From Me To I


One resides within the fracture of two selves: the Me and the I. It is one’s responsibility to eventually choose where one will call home. The choice is inescapable, for even if a choice is not made, that is a choice in itself. Therefore, one would be better off making a proactive choice than passively accepting the conditions inherited by birth.


Me is a construct of the world (the self, the ego) formed through environment, culture, and society through the engagement of comparison, competition, and expectation. It inhabits the shallowest layer of one’s being (Me), where others’ judgment and opinions govern self-perception birthing internal friction. Therefore, inner friction is not by happenstance; it is a consequences of the formation of Me. The Me is necessary but not sufficient.


I, by contrast, resides within the deepest recess of one’s core. It is not a construct of the world, but in direct link to one’s truth. The I is in the world but not of it — flowing from the deepest essence of one’s being onto the world. It is the inner source upon which Me is built, the part that remains constant and true even as the identities of Me go through countless phases.

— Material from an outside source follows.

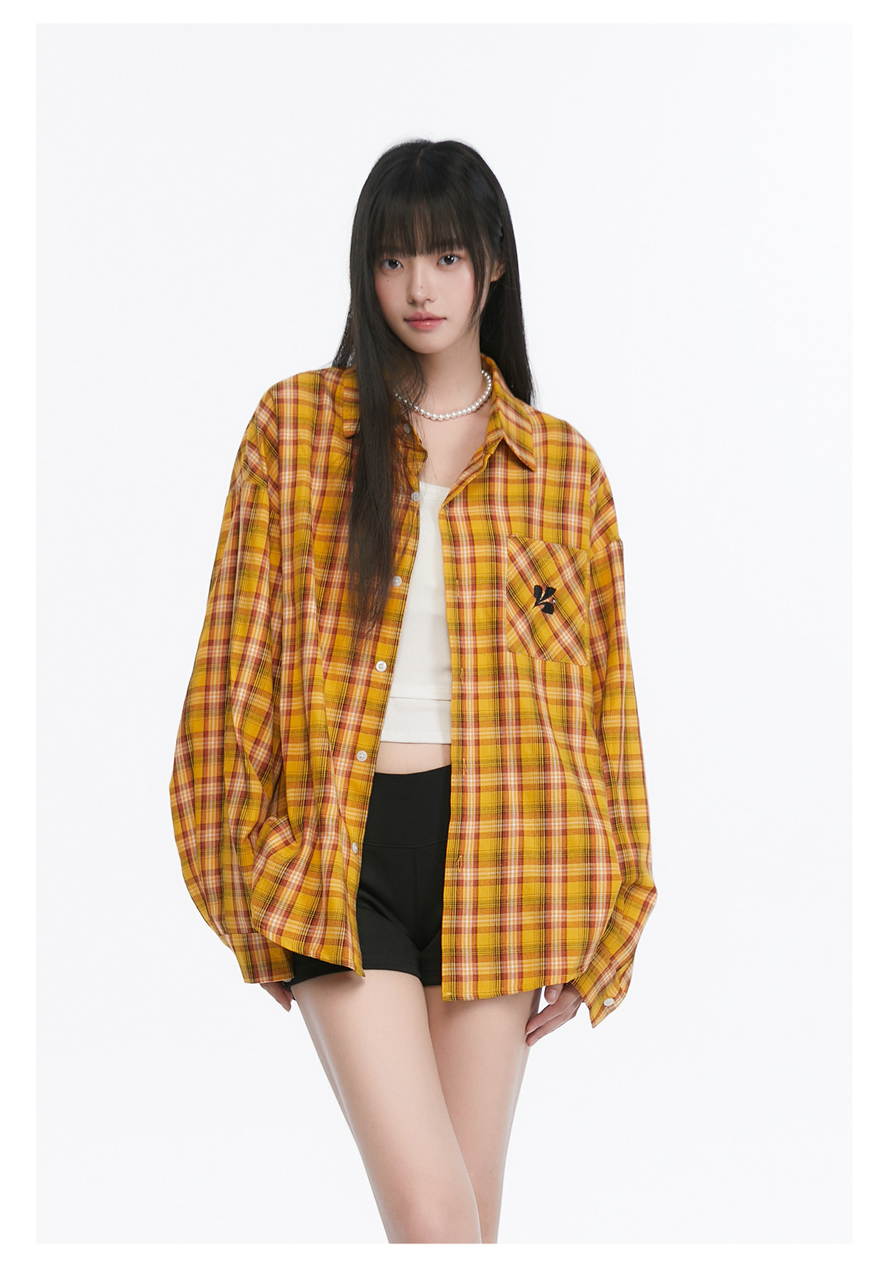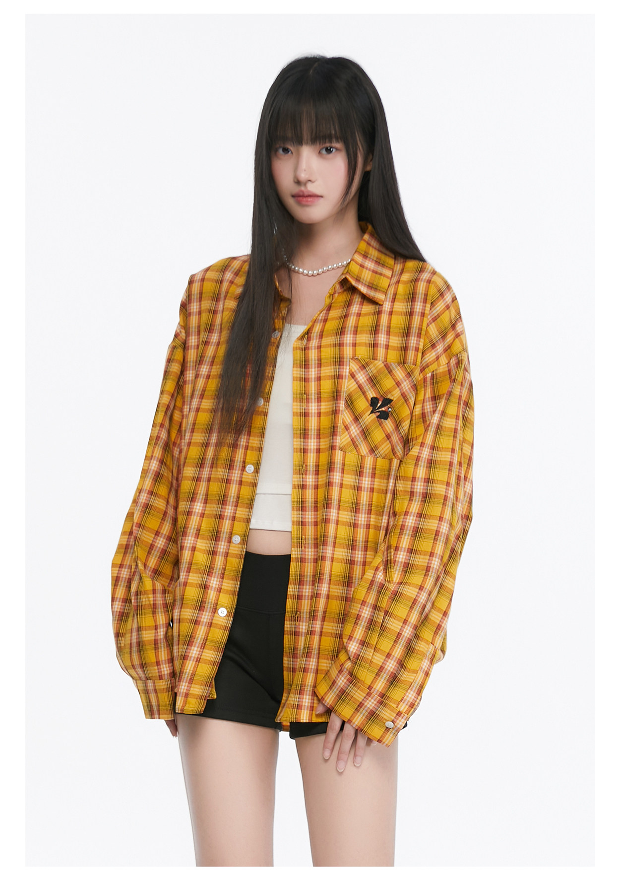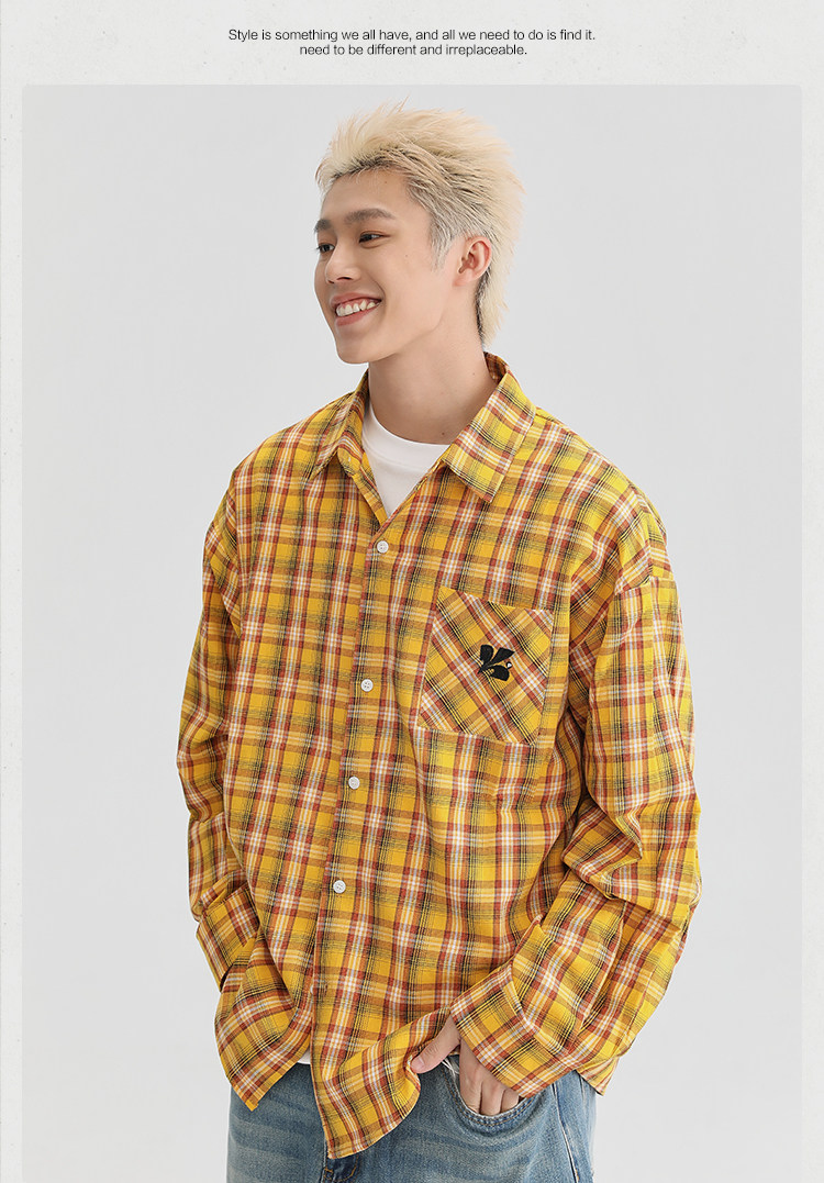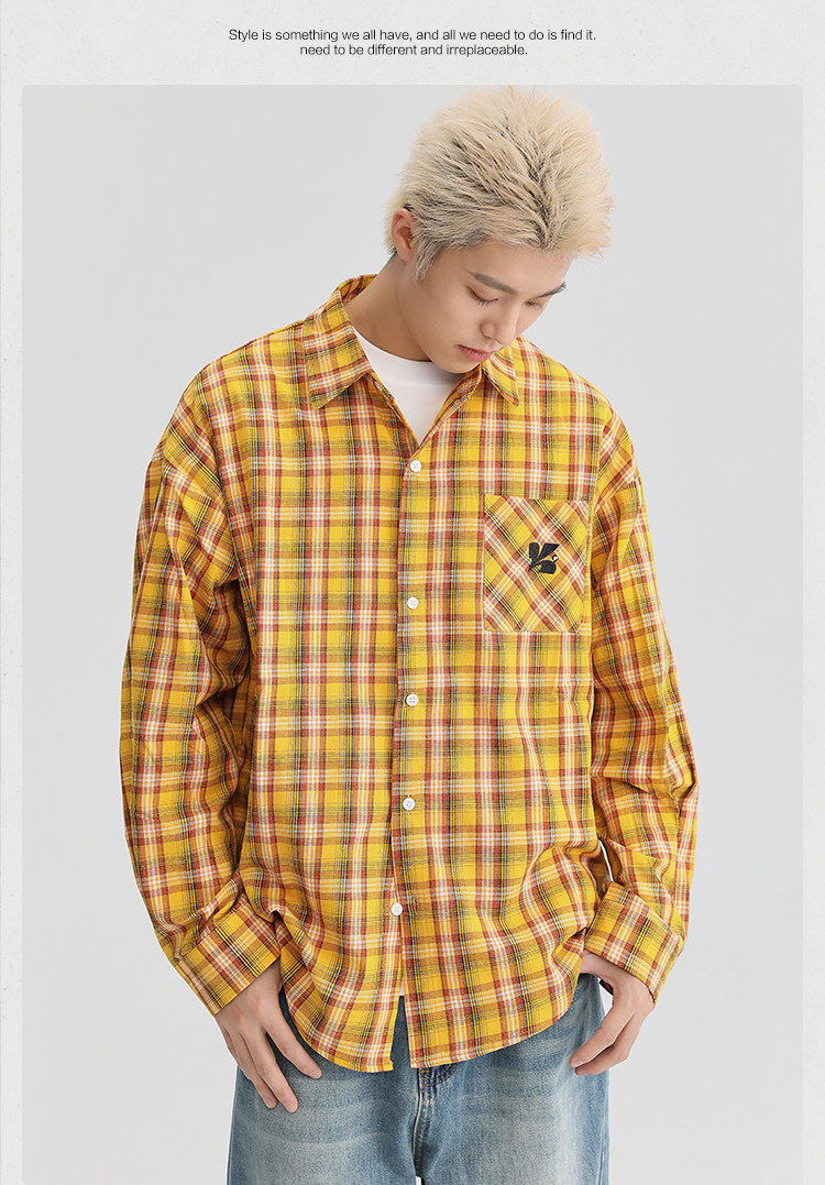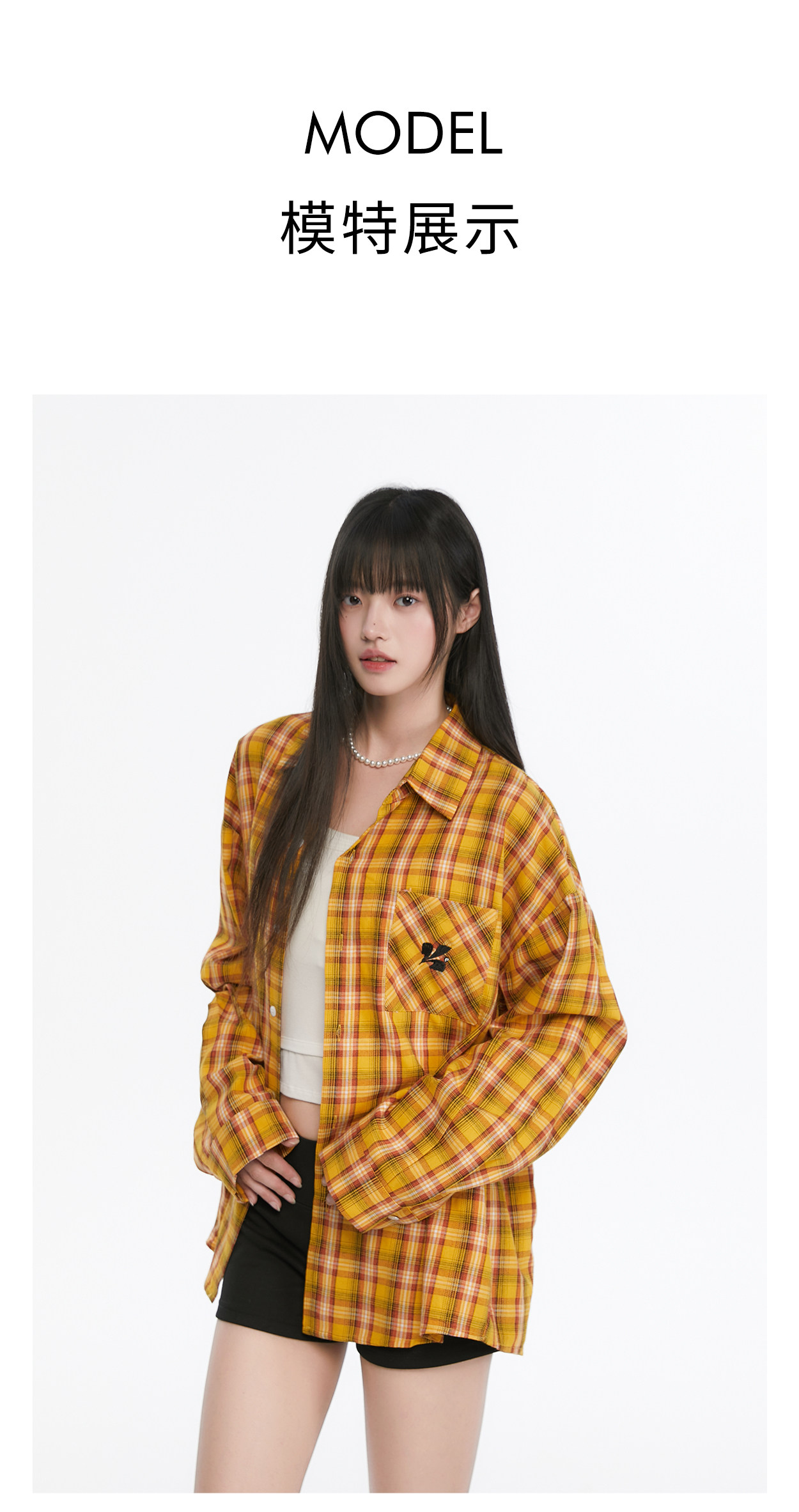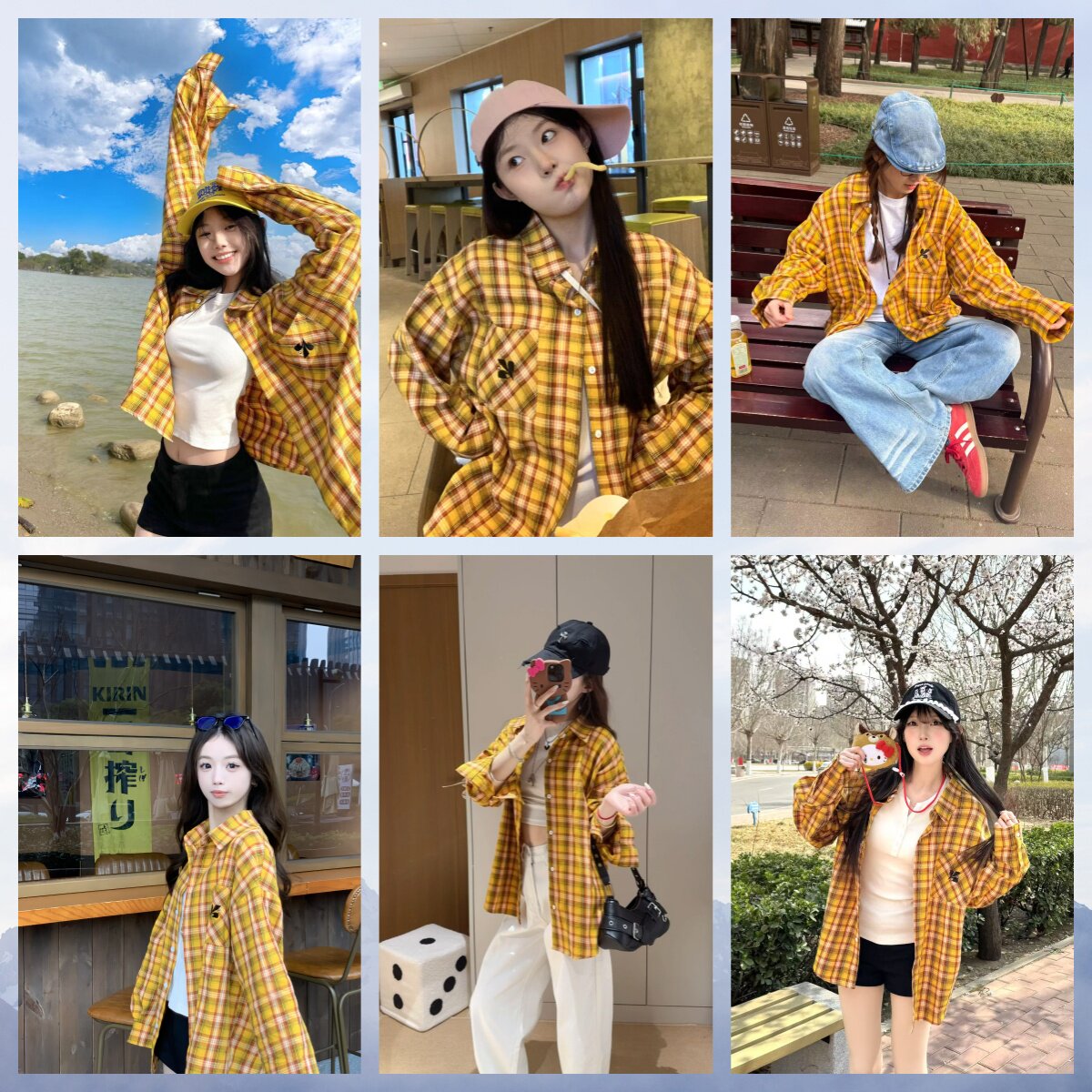 King Prince American Dopamine Yellow Plaid Shirt Unisex Couple Style Cardigan Top Jacket Shirt

From is where the current state of Me is located: it is the starting point of one’s spiritual journey. To is the destination. It is the movement toward the I: a return to what is deeper and innate.
The journey starts outward From the Me, but the sail is set inward To the I.


Dissolution does not imply the destruction of the worldly self, but rather the relinquishing of it. This relinquishment is the liberation of one’s soul from the confines of the worldly self, and the restoration of one’s true-self.
This movement requires choice and effort: choices that we are often unaware we can make, and efforts we are unwilling to undertake in order to reach the truth: the “I” within.